Bright Light Therapy in Older Adults With Moderate to Very Severe Dementia

Not Applicable

Completed

• Conditions: Behavior; Dementia; Mood
• Interventions: Device: Bright light therapy

• Registration Number: NCT04949984
• Lead Sponsor: Universidade da Coruña

Brief Summary

INTRODUCTION: Bright light therapy (BLT) has demonstrated positive effects on sleep, mood, and behavioral problems in older adults with dementia. However, there is little research in people with advanced stages of dementia.

OBJECTIVES: Main objectives are to study the immediate effects, short and long-term effects of BLT in a sample of institutionalized older adults with moderate to very severe dementia. Later, to compare the potential effectiveness of bright light therapy sessions with other non-pharmacological interventions in people with dementia.

METHODS AND ANALYSIS: The study was a 2 x 2 randomized controlled trial using a two-group design (BLT vs. control) and two repeated measures (pre- vs. postintervention). In addition, the BLT group participants were assessed immediately before, after, and during each session. The BLT protocol consisted of 30-minute morning sessions of 10,000 lux, Monday through Friday, for 4 weeks.

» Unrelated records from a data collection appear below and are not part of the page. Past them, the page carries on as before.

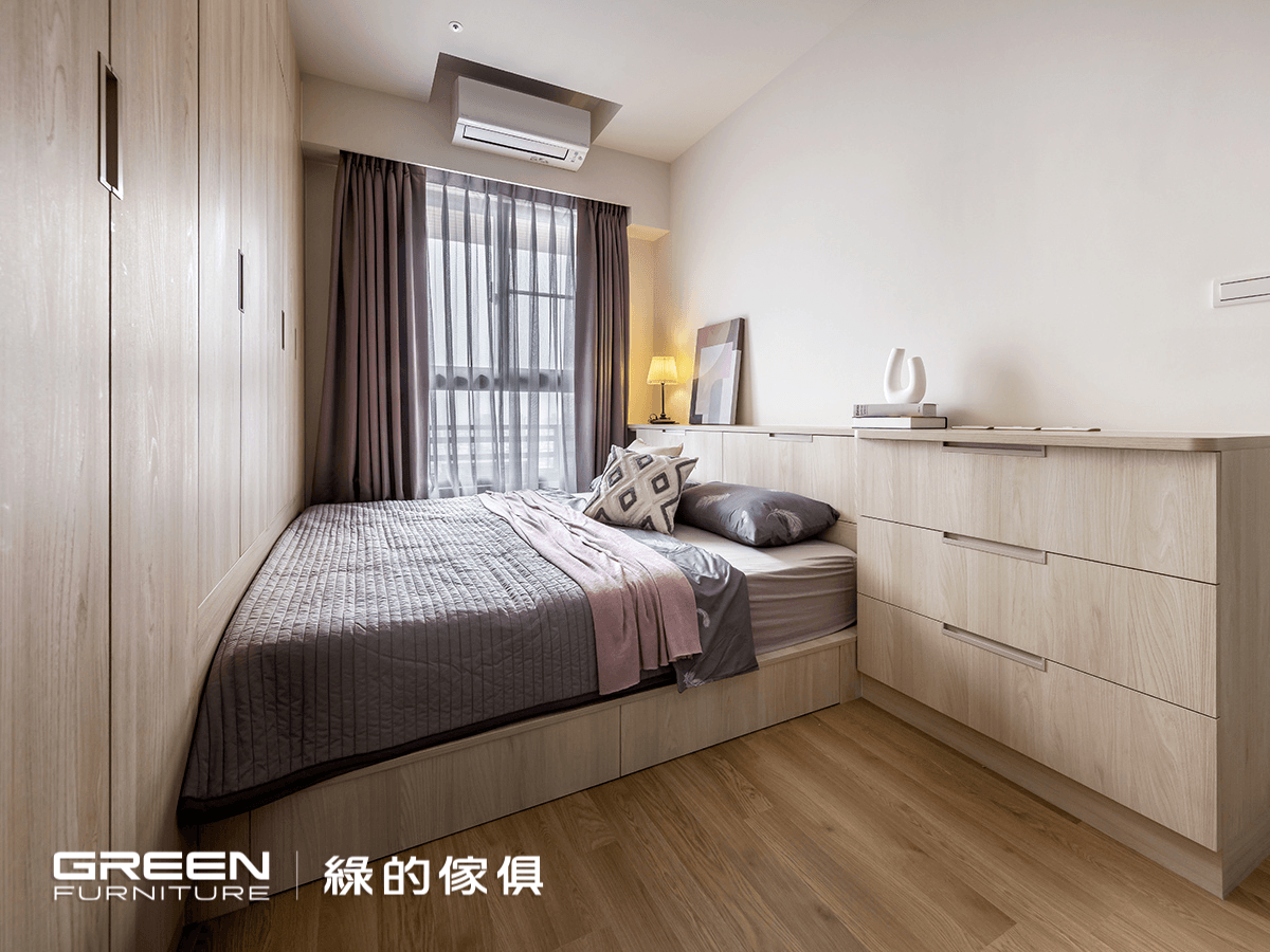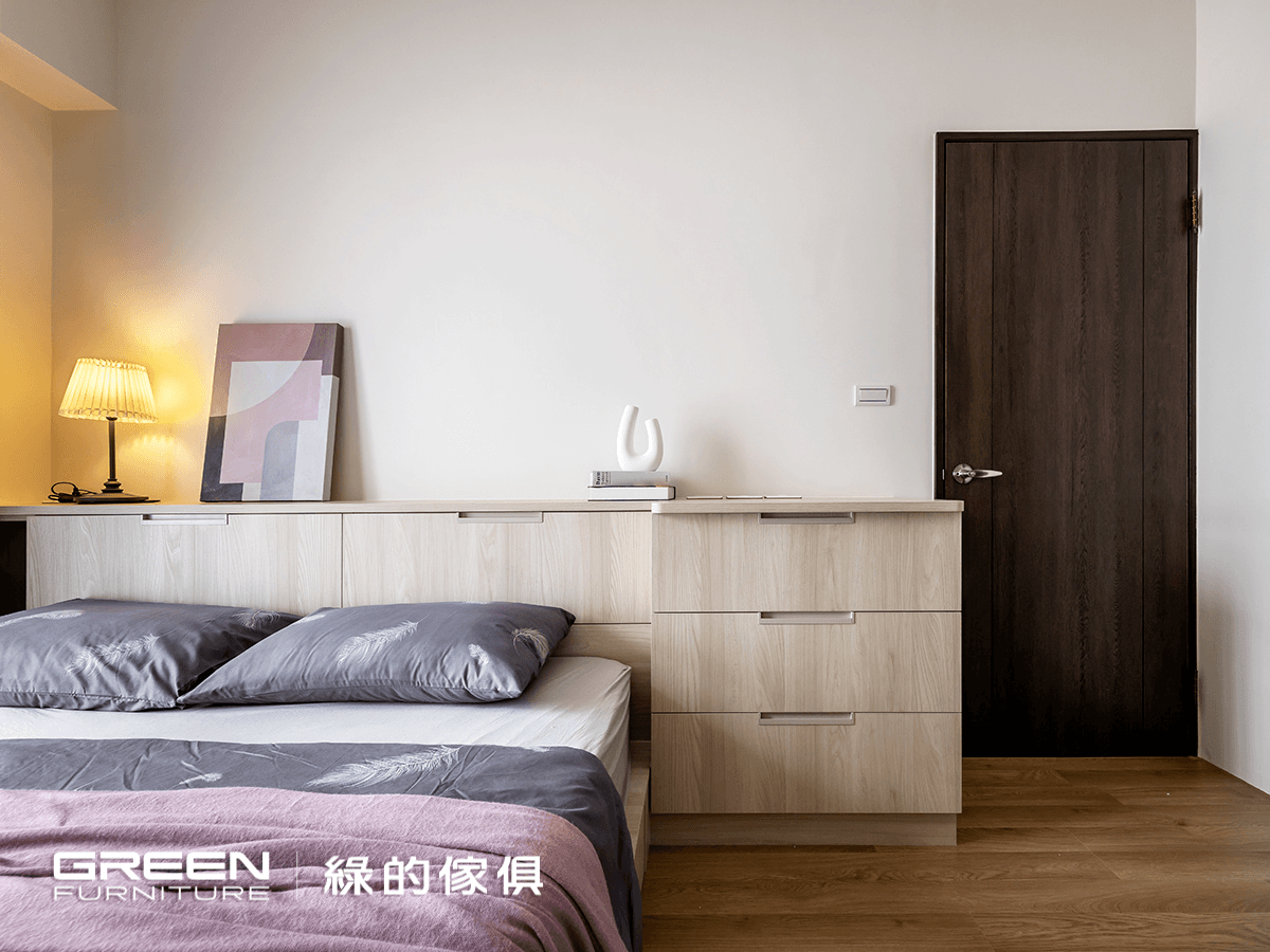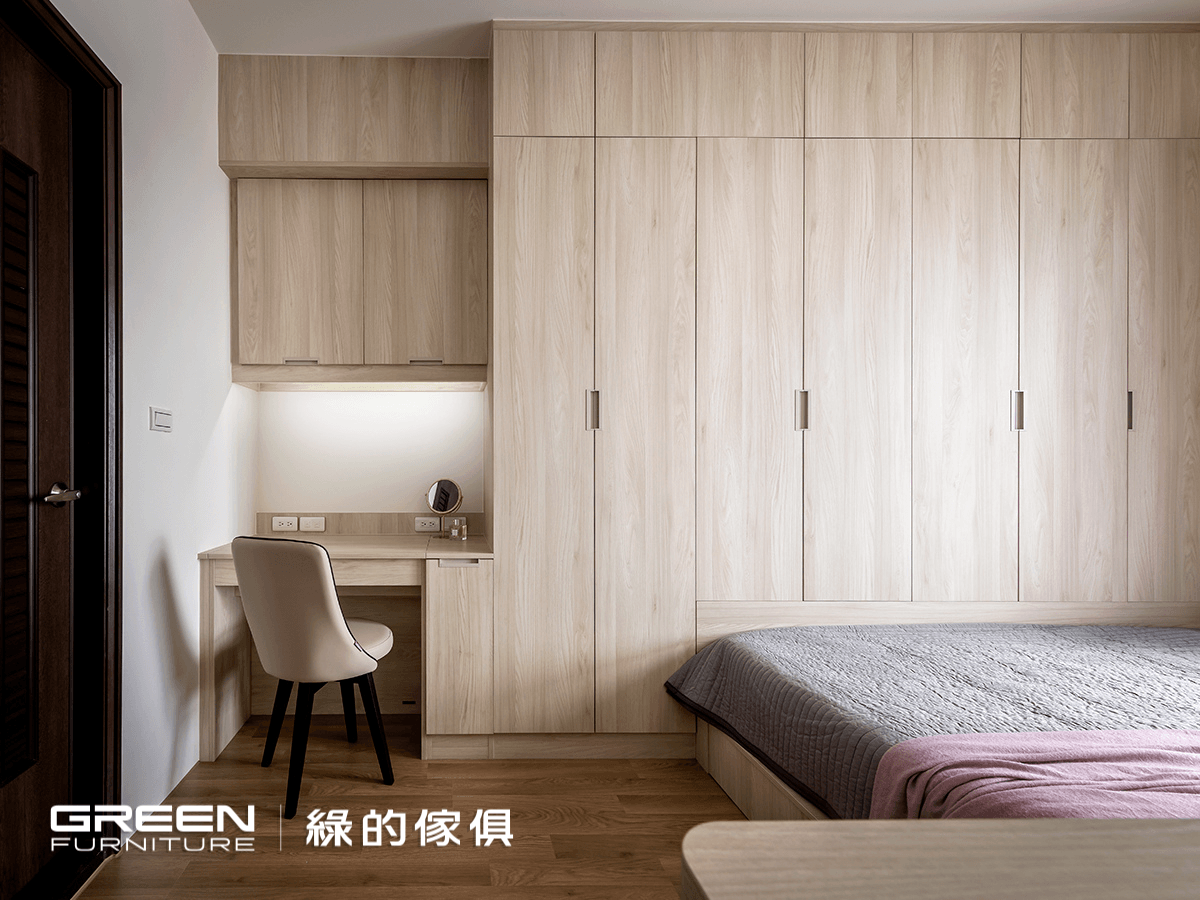 沿襲同色的設計,衣櫃以懸掛衣物為主,上方以按壓式櫃門將結構樑包覆,同時提供額外的收納空間。床頭的下掀櫃與側邊的斗櫃,解決一年四季的收納煩惱,舉凡厚重的棉被及換季衣物通通搞定,側邊平台加長的延伸設計更可兼具熨燙,大幅提升使用機能。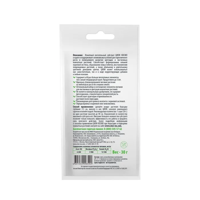 Субстрат ионитный, для выращивания комнатных растений, 30 г, ZION — Характеристики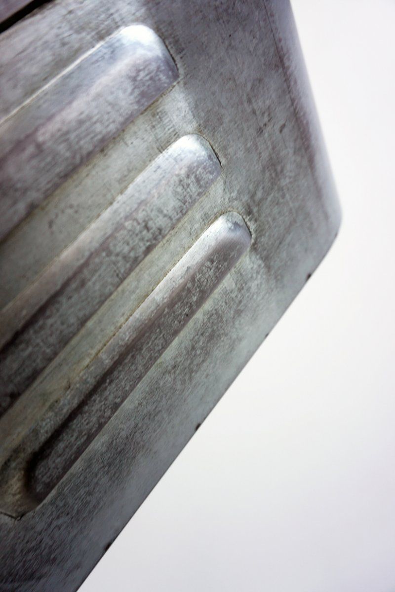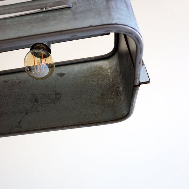 Cette suspension en métal brut est composée de 2 zones d’éclairage cloisonnées dans un caisson industriel de 65 cm de long sur 21cm de large et 21cm de haut.

For the statistical analysis, two-way analysis of variance (ANOVA) are used to determine the existence of differences at two points in time (pre- vs. post-). The Wilcoxon signed-rank test or the Paired t test are used to measure changes from before to after the intervention sessions.

Detailed Description

INTRODUCTION: Dementia is one of the main causes of disability and dependence among older adults worldwide, constituting a public health priority due to its significant human and financial costs to society. Pharmacological and non-pharmacological interventions have been proposed for the management of its clinical manifestations. The nonpharmacological interventions, which include bright light therapy (BLT), are recommended by numerous guidelines as initial treatment strategies due to the absence of adverse events. BLT consists of the controlled application of certain levels of light that can be administered in several ways. There is some evidence that effective doses of light would stimulate circadian cycles, thus affecting sleep efficiency, depression, or behavioral problems in older adults with dementia, but there is little research on persons in advanced stages of dementia.

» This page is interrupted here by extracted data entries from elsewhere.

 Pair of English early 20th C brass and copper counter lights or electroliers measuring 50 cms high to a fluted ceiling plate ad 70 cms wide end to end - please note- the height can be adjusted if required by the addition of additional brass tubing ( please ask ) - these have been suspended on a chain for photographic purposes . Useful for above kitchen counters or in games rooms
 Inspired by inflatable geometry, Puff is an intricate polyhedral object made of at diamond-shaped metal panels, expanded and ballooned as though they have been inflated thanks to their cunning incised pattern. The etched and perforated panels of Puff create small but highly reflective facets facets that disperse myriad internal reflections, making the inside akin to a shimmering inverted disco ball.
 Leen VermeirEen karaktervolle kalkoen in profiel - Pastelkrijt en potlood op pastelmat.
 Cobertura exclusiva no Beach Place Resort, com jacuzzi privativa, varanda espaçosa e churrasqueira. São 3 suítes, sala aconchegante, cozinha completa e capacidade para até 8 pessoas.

The lack of consensus on the protocol for BLT application, as well as the existence of little research on individuals in advanced stages of dementia, calls for further research to explore in-depth the immediate, short- and long-term effects of BLT in this population.

OBJECTIVES: Main objectives were: (1) to study the short- and long-term effects of bright light therapy on mood, behavior, sleep, and cognition in a sample of institutionalized older adults with moderate to very severe dementia; (2) to explore the immediate effects of bright light therapy sessions on behavior, mood and physiological parameters in a sample of institutionalized older adults with moderate to very severe dementia; and (3) to compare the effectiveness of bright light therapy sessions with other non-pharmacological interventions in people with dementia.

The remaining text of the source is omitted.